### Collected material
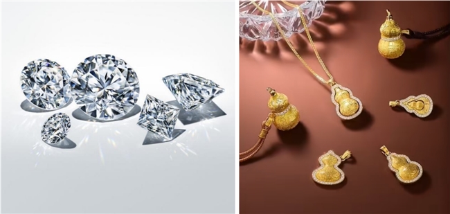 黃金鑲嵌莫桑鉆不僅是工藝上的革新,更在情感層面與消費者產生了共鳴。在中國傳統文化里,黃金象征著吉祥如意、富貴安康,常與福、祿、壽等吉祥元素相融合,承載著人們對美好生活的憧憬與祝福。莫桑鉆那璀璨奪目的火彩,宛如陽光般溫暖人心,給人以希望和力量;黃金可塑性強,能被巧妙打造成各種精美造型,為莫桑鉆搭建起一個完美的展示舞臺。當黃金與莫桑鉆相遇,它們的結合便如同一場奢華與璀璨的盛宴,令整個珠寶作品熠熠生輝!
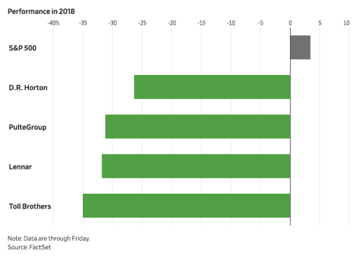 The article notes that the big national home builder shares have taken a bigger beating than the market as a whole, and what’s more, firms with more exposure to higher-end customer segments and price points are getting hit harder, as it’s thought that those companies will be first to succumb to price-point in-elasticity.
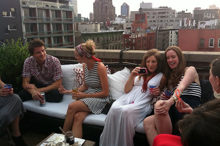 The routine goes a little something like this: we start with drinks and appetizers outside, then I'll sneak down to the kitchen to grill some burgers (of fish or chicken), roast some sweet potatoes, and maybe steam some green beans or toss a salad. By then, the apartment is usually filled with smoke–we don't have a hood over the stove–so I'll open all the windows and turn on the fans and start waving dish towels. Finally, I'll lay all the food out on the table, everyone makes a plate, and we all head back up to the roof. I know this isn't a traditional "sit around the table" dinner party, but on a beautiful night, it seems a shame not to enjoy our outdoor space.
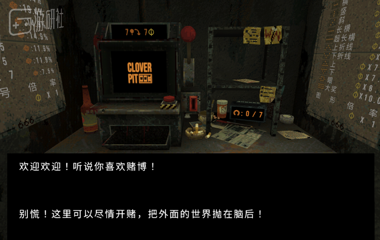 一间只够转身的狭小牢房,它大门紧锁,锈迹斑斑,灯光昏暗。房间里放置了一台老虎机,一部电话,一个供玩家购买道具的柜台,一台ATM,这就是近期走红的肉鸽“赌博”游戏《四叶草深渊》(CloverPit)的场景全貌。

### Task to complete
An exact copy of the listing above, minus its pictures, is what is needed here.

### Finished task
 黃金鑲嵌莫桑鉆不僅是工藝上的革新,更在情感層面與消費者產生了共鳴。在中國傳統文化里,黃金象征著吉祥如意、富貴安康,常與福、祿、壽等吉祥元素相融合,承載著人們對美好生活的憧憬與祝福。莫桑鉆那璀璨奪目的火彩,宛如陽光般溫暖人心,給人以希望和力量;黃金可塑性強,能被巧妙打造成各種精美造型,為莫桑鉆搭建起一個完美的展示舞臺。當黃金與莫桑鉆相遇,它們的結合便如同一場奢華與璀璨的盛宴,令整個珠寶作品熠熠生輝!
 The article notes that the big national home builder shares have taken a bigger beating than the market as a whole, and what’s more, firms with more exposure to higher-end customer segments and price points are getting hit harder, as it’s thought that those companies will be first to succumb to price-point in-elasticity.
 The routine goes a little something like this: we start with drinks and appetizers outside, then I'll sneak down to the kitchen to grill some burgers (of fish or chicken), roast some sweet potatoes, and maybe steam some green beans or toss a salad. By then, the apartment is usually filled with smoke–we don't have a hood over the stove–so I'll open all the windows and turn on the fans and start waving dish towels. Finally, I'll lay all the food out on the table, everyone makes a plate, and we all head back up to the roof. I know this isn't a traditional "sit around the table" dinner party, but on a beautiful night, it seems a shame not to enjoy our outdoor space.
 一间只够转身的狭小牢房,它大门紧锁,锈迹斑斑,灯光昏暗。房间里放置了一台老虎机,一部电话,一个供玩家购买道具的柜台,一台ATM,这就是近期走红的肉鸽“赌博”游戏《四叶草深渊》(CloverPit)的场景全貌。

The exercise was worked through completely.